Another very important point is that our instruments are still in operation,without any break. We are very near to a complete year of data, two weeks missing yet. This is a great succes - having these kind of instruments in operation, only by remote control, without human direct maintenance, in these harsh environmental conditions and mainly sustained by renewable energies, is quite unique. This also means that we have already a very nice data set for our main scientific project AEROCLOUD at the station. The graphic above shows the monthly means of total particle concentration (in number per cm3) for November 2014 ('1') to October 2015 ('12'). The blue bars are the medians and blue and red together give the average value. Also the error bars are given. As already told in my last post, a nice seasonal cycle can be seen, also the influence of some events during which the number concentration increased distinctly (what causes that the median and average values differ markedly). The increase from August to October is very steep and the concentration for October is relatively high, especially when comparing with the concentrations during the summer months December to March. There have been several events during which the concentrations increased to some thousands of particles per cm3. There is a lot of promising information to be exploited scientifically. So, as the season is about to start, I will try to update this blog regularly.

Thursday, 3 September 2015

Record for duration of data time series



We are now in September, this means deep winter in Antarctica is over and more and more sunshine is coming back. There is already more than 10 hours sunlight per day at Utsteinen. And the instruments are still operational, without any break since the last team left Utsteinen in February !! This means a new record. The longest period for continuous aerosol data until now has been from November 2013 until the morning hours of 1 September 2014. This is great news and many thanks have to go to the team members who prepared the station’s energy system for the uninhabited period (and who are supervising it remotely from Belgium). But it also means that our own precautionary measures for unattended instrument operation are paying out. Now let’s hope that it keeps going until another BELARE expedition team arrives at Princess Elisabeth station.
Particle number per cm3 at Utsteinen from November 2014 to August 2015
 
The figure shows the time series of the particle number concentration from November 2014 until end of August 2015. The data are cleared of any contamination. It can be seen that from November to March the mean concentration was around some hundreds of particles per cm3, with a peak around end of February/beginning of March.
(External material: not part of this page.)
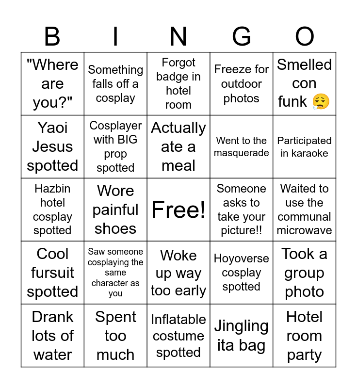 This bingo card has a free space and 24 words: Saw someone cosplaying the same character as you, Spent too much, Actually ate a meal, Drank lots of water, Smelled con funk 😮💨, "Where are you?", Yaoi Jesus spotted, Something falls off a cosplay, Someone asks to take your picture!!, Woke up way too early, Went to the masquerade, Hazbin hotel cosplay spotted, Hoyoverse cosplay spotted, Took a group photo, Cosplayer with BIG prop spotted, Jingling ita bag, Waited to use the communal microwave, Forgot badge in hotel room, Participated in karaoke, Wore painful shoes, Hotel room party, Cool fursuit spotted, Freeze for outdoor photos and Inflatable costume spotted.

The mean number concentration decreased afterwards to reach a minimum in June, July. In August, number concentrations started to increase again. During June and July, the number concentration fell to some tens of particles per cm3. During austral winter, the Antarctic vortex, the atmospheric circulation, forms a quasi-barrier for air masses from lower latitudes. Also during winter, there is hardly any sunlight for driving photooxidative aerosol chemistry and there is a general lack of precursor gases for new particle formation and condensational growth of particles. However, over the whole time period, there were several events, when the number concentration increased distinctly over very short periods of time, often to some thousand particles per cm3. Most probably, these periods reflect the influence of air masses transported to Princess Elisabeth station via synoptic scale events (cyclones, transporting air masses from easterly directions, including maritime origin), indicate entrainment of air masses from the higher troposphere, or indicate periods when new particle formation could be detected at PE.